Translating the notion of a knowledge- and creativity-based economy into practice, enhancing the green economy, tackling rising commodity prices and accelerating budget disbursement and major public infrastructure investment are highlighted as Thailand’s major challenges this year, according to “IMD World Competitiveness 2011”.

Also on the country’s plate are tackling labour shortages in the production sector, creating harmony and solidarity among Thai people, and resolving political and border conflicts.

According to the report, which rates 59 economies, Thailand’s ranking has slipped one place to 27th.

In the Asia-Pacific region, Thailand’s ranking also fell from ninth to 10th place. Thailand was ranked ninth in 2008 and 2010, an improvement from 11th in 2007.

Asian economies that have seen their world rankings improve are Taiwan, which moved from eighth to sixth; South Korea, from 23rd to 22nd; and Japan, from 27th to 26th. Notably, Hong Kong’s competitiveness ranking moved from second place to first, tied with the United States, which last year was in third place.

Other economies that joined Thailand in falling were Malaysia, from 10th to 16th; mainland China, from 18th to 19th; India, from 31st to 32nd; Indonesia, from 35th to 37th; and the Philippines, from 39th to 41st.

IMD (the International Institute for Management Development) is a business school based in Lausanne, Switzerland, that operates a number of research centres, including the World Competitiveness Centre.

According to data provided by IMD’s partner the Thailand Management Association (TMA), Thailand witnessed improvements in terms of economic growth, budget deficit, unemployment, risk of political instability, labour-market flexibility, overseas investment, and exports.

The Kingdom showed declines in consumer price inflation, government subsidies, green technologies, communications technology, tourism receipts, educational system, justice, scientific research and ethical practices.

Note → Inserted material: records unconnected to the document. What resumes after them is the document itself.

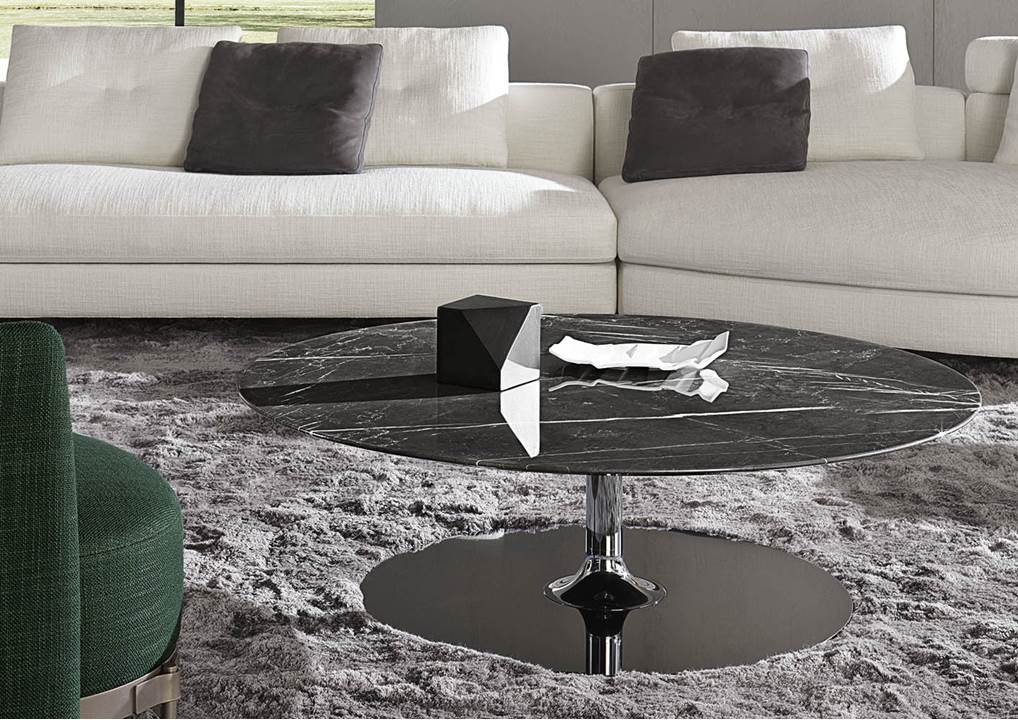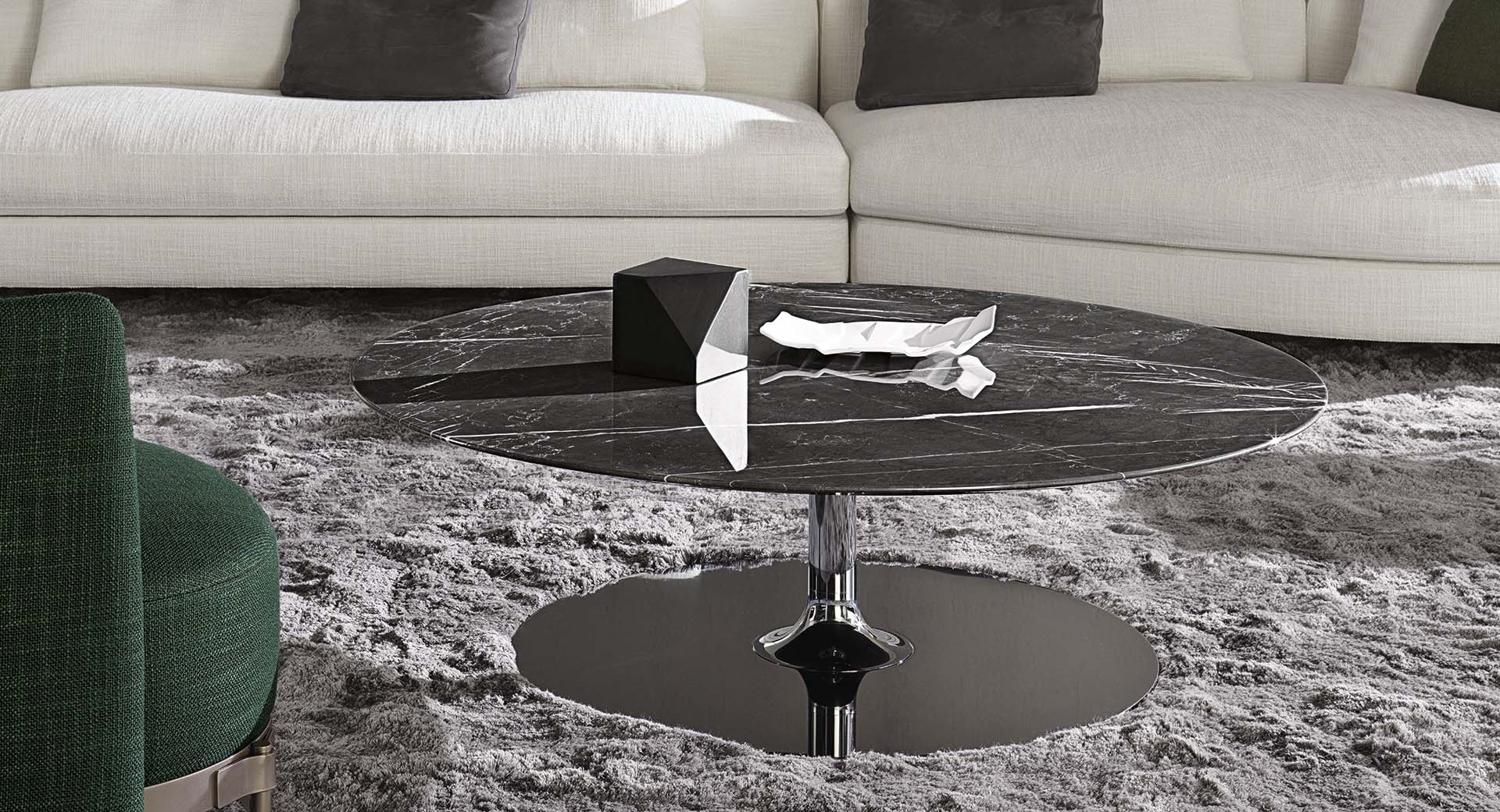 在休息室和边桌版本中构思,它具有卡拉卡塔或石灰色大理石的珍贵顶部。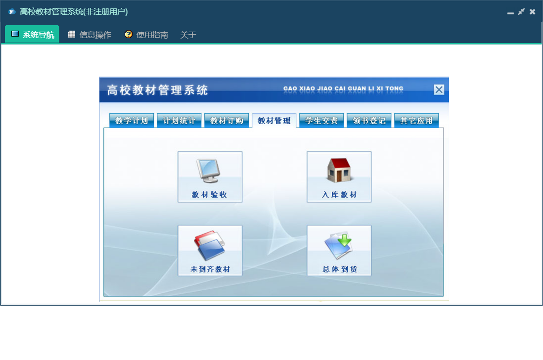 高校教材管理系统包含以下功能:订单汇总、订单查询、生成订单、教材室审核、撰写通知、领书登记、教学计划、权限设置、教材验收、教材管理、未到齐教材、总体到货、教材订购、关于、其它应用、计划统计、学生交费、确定供应商、交费明细查询、班级交费查询、日志、入库教材、查看通知、系部审核等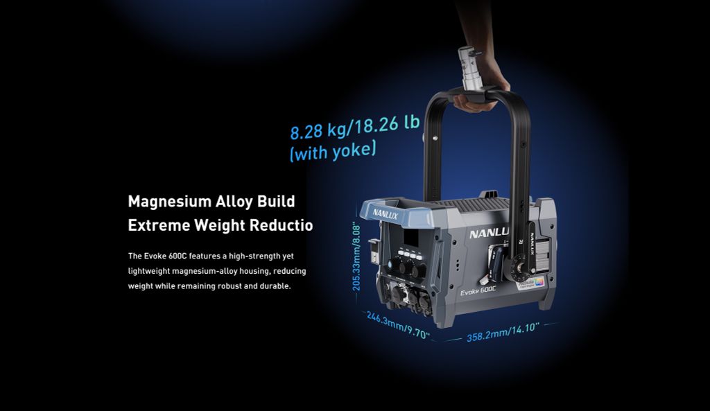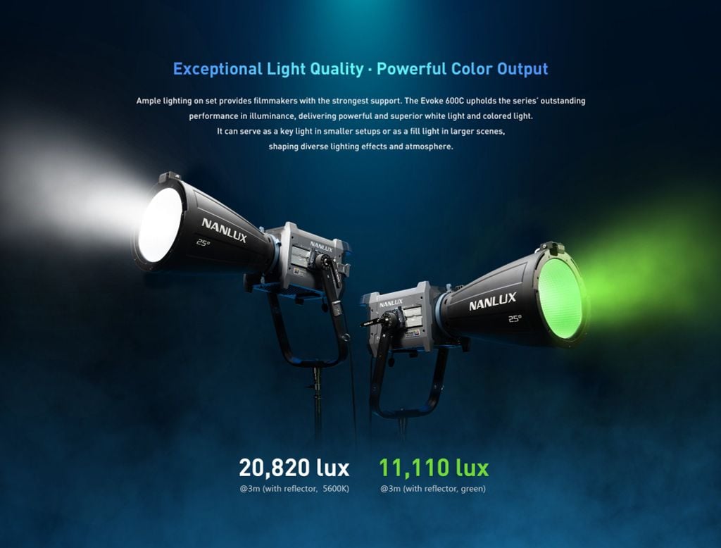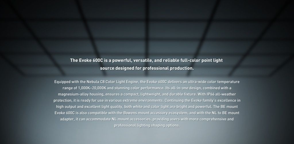 Ánh sáng dồi dào trên trường quay mang đến cho các nhà làm phim sự hỗ trợ mạnh mẽ nhất. Evoke 600C duy trì hiệu suất chiếu sáng vượt trội của dòng phim, mang đến ánh sáng trắng và ánh sáng màu mạnh mẽ và vượt trội.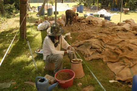 ทั้งนี้ สำหรับวัสดุที่เป็นวัตถุดิบซึ่งจะมีผู้บริจาคมาเพื่อช่วยเหลือผู้ประสบภัยน้ำท่วมซึ่งจะมีส่วนประกอบหลักคือ รำหยาบ รำระเอียด ดินดี กากน้ำตาล และ จุลินทรีย์ โดยมูลนิธิข้าวขวัญใช้จุลินทรีย์จากดินป่าห้วยขาแข้งส่วนประกอบของจุลินทรีย์ที่ปั้นบอล ซึ่งมีทั้งกากน้ำตาลและรำข้าวนั้น ใช้เพื่อเป็นอาหารของจุลินทรีย์ให้ขยายจำนวนมากขึ้น เมื่อปั้นก้อนเสร็จแล้วจะมีการบ่มหมักเอาไว้ เพื่อให้จุลินทรีย์ย่อยสลายกากน้ำตาลและรำข้าว เพื่อเพิ่มปริมาณ จุลินทรีย์เป็นเวลาอย่างน้อย 7-10 วัน ระหว่างนั้นจะเกิดความร้อนจากการหมัก เช่นเดียวกับการทำปุ๋ยหมักนั่นเอง
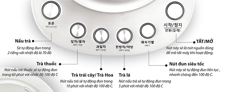 + Chế độ nấu các loại trà hoa hoặc trà trái cây (10 phút).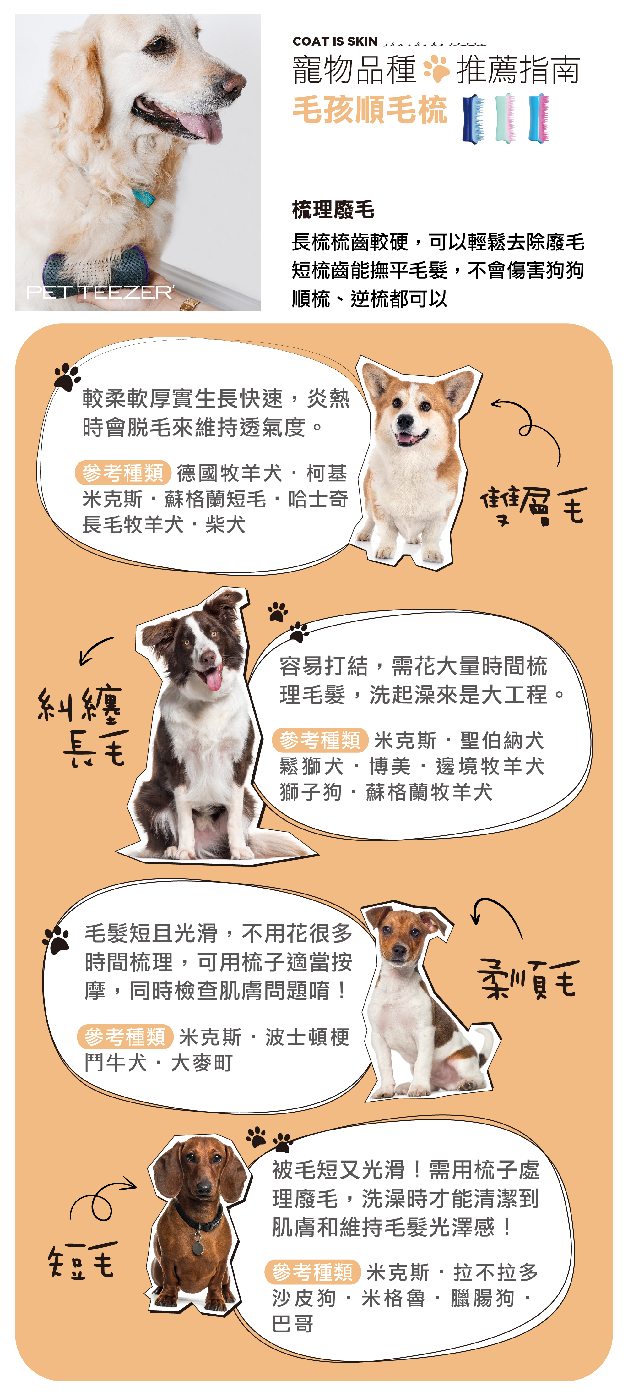 ⁕ 長梳梳齒較硬,可以輕鬆去除廢毛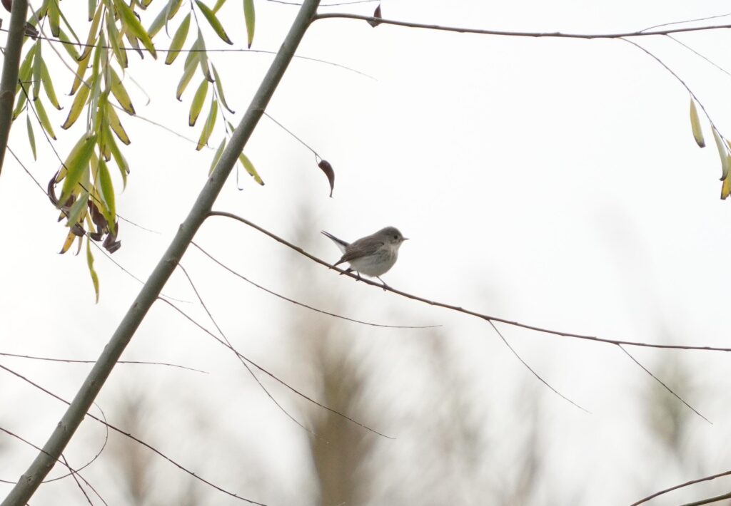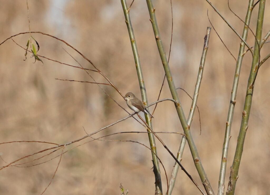 The biggest surprise came while looking for a greater spotted eagle from the car as we drove along the eucalyptus line road. I was sitting on the wrong side of the car, meaning I would not get eyes on a nominate adult perched on a nearby tree. Instead, I focused on the passerines in the reeds. Among the numerous chiffchaffs (Phylloscopus collybita), one bird stood out like a sore thumb. With the naked eye, I noticed a small, round, brown, drab bird flying between willows on the other side of a ditch parallel to the road. The observation was very brief but enough for me to catch distinctive white flashes on the tail and a flycatcher-like jizz when perching. I quickly asked Tati to pull over and alerted everyone to my finding of a flycatcher on a date when none are regular in the area. I saw the bird perch for a couple of seconds, wagging its tail, before it flew into the reeds — to my surprise. I immediately thought this bird could only be one thing. Sadly, none of my friends managed to connect with it properly at that moment.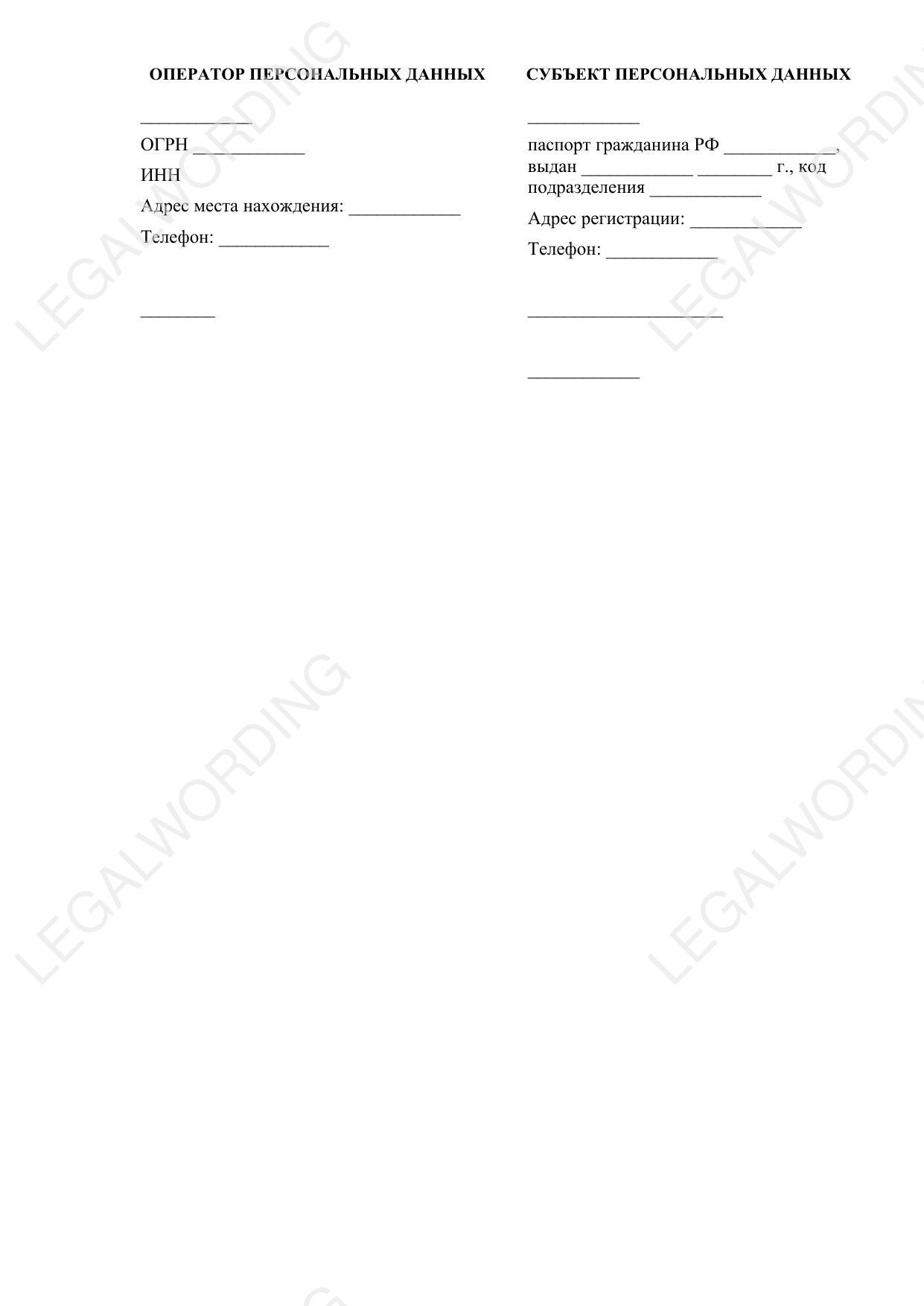 Шаблон согласия на трансграничную передачу персональных данных, составляемый между субъектом персональных данных и оператором. Документ включает в себя важные разделы: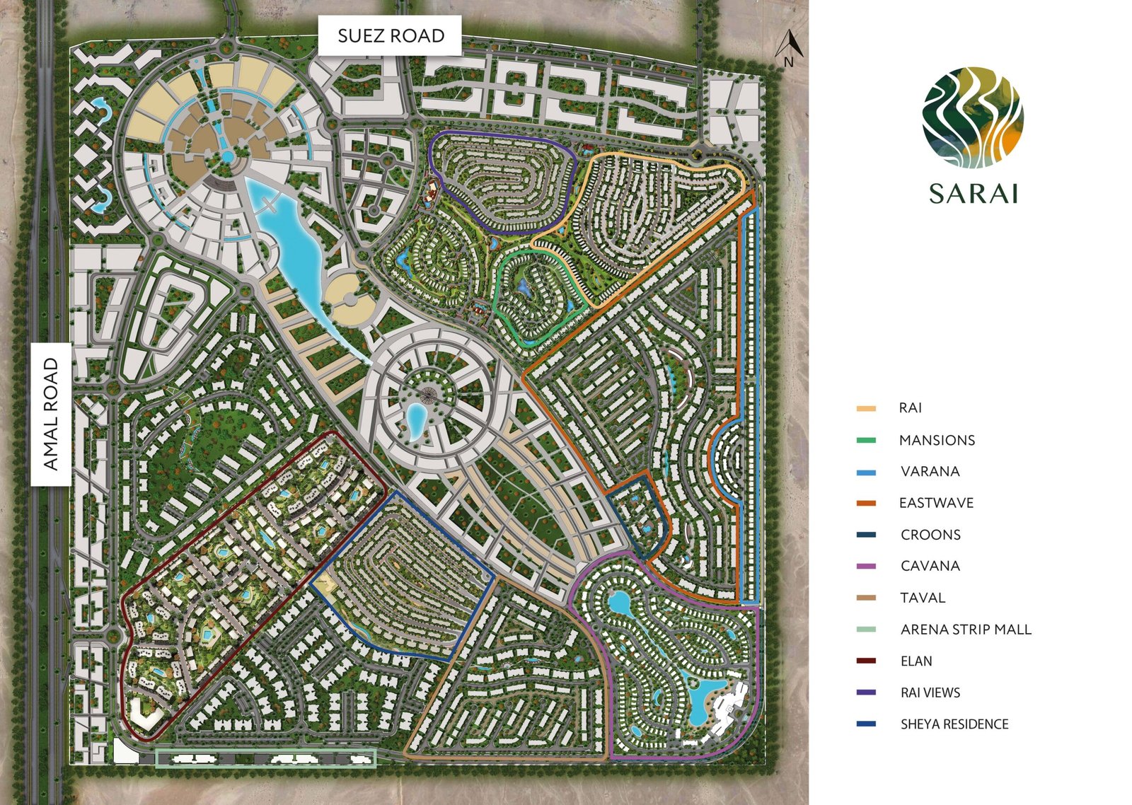 Sarai is a huge project with many phases such as esse, Rai Valleys, Sheya Residence, Rai Views, Elan, Rai, Varana, Cavana Springs, Arena Strip Mall, Taval, and EastWave.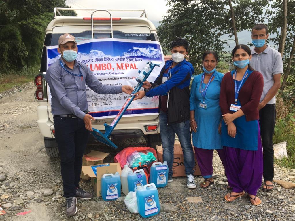 पोखरा, असोज १९ गते । हेमजा, १८ असोज।पोखरा ४ स्थित नेलम्बो नेपालले आइतवार एक कार्यक्रमका बीच माछापुच्छे« गाउँपालिका ६ स्थित भेडावारी प्राथमिक स्वास्थ्य सेवा केन्द्रलाई स्वास्थ्य सुरक्षाका सामग्री प्रदान गरेको छ ।उक्त क्षेत्रमा हाल ४ जना स्थानीयमा कोरोना भाईरस पोजेटिभ देखिएको छ।जसका लागि संक्रमण नफैलियोस र सर्तकताका साथ उपचार गर्न सहज होस् भन्ने हेतुले नेलम्बोले सहयोग गरेको हो ।

The TMA also conducted an executive survey on the five most attractive economic factors. The factors chosen were economic dynamism, low operating costs, skilled workforce, productivity, and reliable infrastructure.

Among the 59 economies, Thailand best placing was in terms of labour market (second). It performed worse in terms of health and environment (54th). It was also poor in terms of education (51st) and technology infrastructure (52nd).

In the top 10 list, aside from Hong Kong and the United States, were Singapore, Sweden, Switzerland, Taiwan, Canada, Qatar, Australia and Germany.

According to IMD, which conducts the survey every year, the recovery of financial markets pushes the United States back to the top, sharing first place with Hong Kong, and slightly ahead of Singapore. Sweden jumps to fourth place, highlighting the competitiveness of the Nordic model. Germany shines thanks to buoyant exports and a flexible labour market.

“The world of competitiveness becomes more national,” said Professor Stephane Garelli, director of IMD’s World Competitiveness Centre. “‘World Competitiveness 2.0’ is thus characterised by greater self-reliance of countries. It increasingly emphasises re-industrialisation, exports and a more critical look at de-localisation.”

“This trend is triggered by the rise in commodity and transport prices and higher labour costs in emerging economies. National champions are favoured everywhere and borders resurface – again.”